WHAT YOU WILL DO:
Copy exactly the lines of the material below that run from the one containing "- Remote Sync" through the one containing "爱情公寓消消消是一款以经典I". Copy no other lines.

TASK MATERIAL:
════════

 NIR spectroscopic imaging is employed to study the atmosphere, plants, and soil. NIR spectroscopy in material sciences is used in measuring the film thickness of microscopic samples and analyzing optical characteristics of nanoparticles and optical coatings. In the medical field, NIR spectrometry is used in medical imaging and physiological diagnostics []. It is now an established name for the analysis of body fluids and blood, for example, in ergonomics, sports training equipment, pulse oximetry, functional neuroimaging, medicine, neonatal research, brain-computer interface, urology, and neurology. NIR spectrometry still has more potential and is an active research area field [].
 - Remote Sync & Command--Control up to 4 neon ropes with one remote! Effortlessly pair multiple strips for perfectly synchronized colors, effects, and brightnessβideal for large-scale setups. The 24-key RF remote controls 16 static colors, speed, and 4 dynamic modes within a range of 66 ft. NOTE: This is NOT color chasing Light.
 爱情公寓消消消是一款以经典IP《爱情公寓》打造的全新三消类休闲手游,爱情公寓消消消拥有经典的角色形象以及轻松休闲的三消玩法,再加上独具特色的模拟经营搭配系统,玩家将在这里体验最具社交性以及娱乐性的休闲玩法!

════════

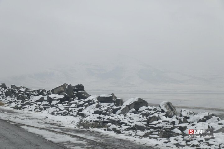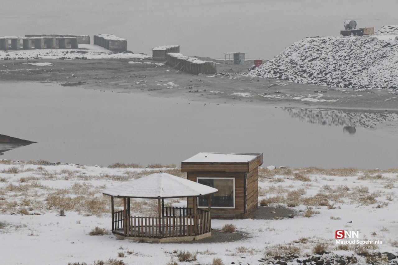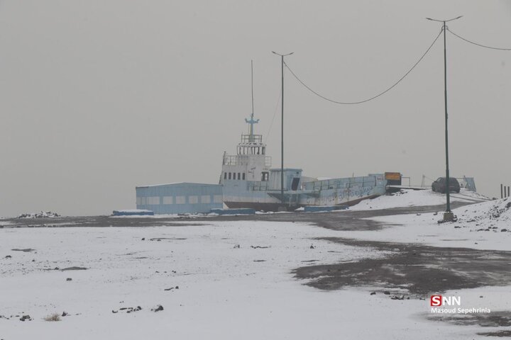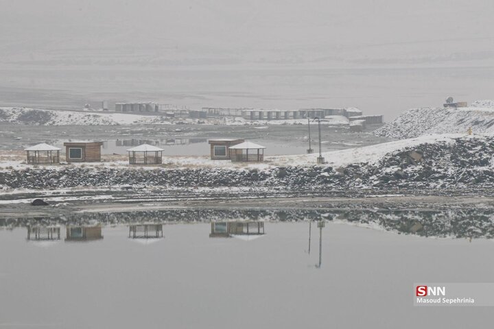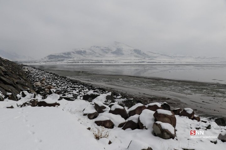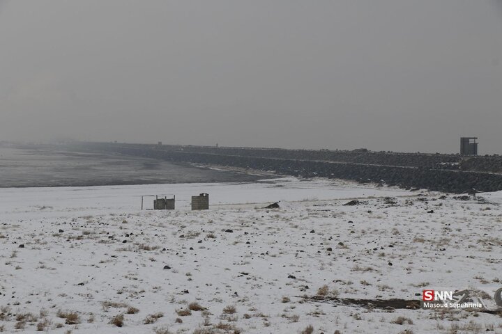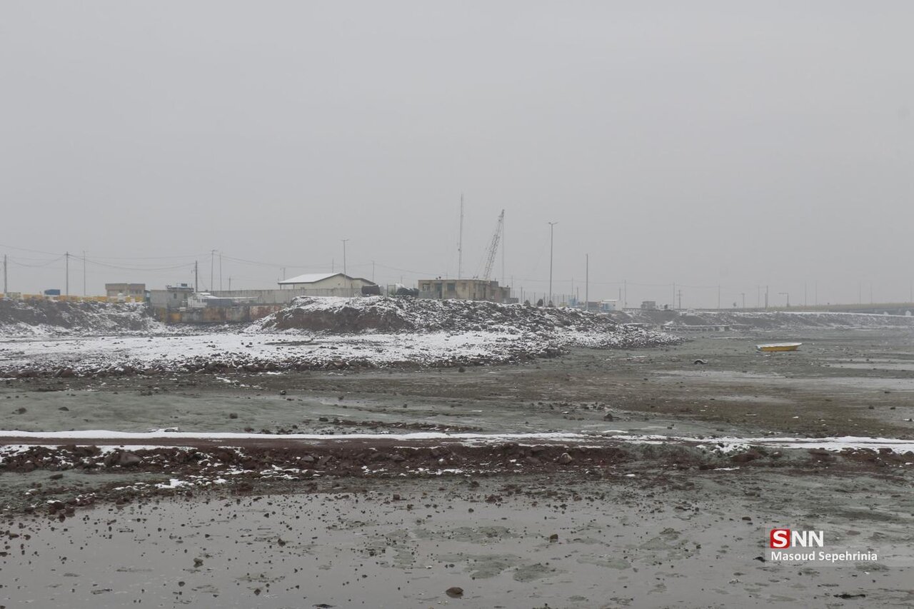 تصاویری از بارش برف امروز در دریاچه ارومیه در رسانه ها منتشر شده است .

════════

REPLY TO THE TASK:
 - Remote Sync & Command--Control up to 4 neon ropes with one remote! Effortlessly pair multiple strips for perfectly synchronized colors, effects, and brightnessβideal for large-scale setups. The 24-key RF remote controls 16 static colors, speed, and 4 dynamic modes within a range of 66 ft. NOTE: This is NOT color chasing Light.
 爱情公寓消消消是一款以经典IP《爱情公寓》打造的全新三消类休闲手游,爱情公寓消消消拥有经典的角色形象以及轻松休闲的三消玩法,再加上独具特色的模拟经营搭配系统,玩家将在这里体验最具社交性以及娱乐性的休闲玩法!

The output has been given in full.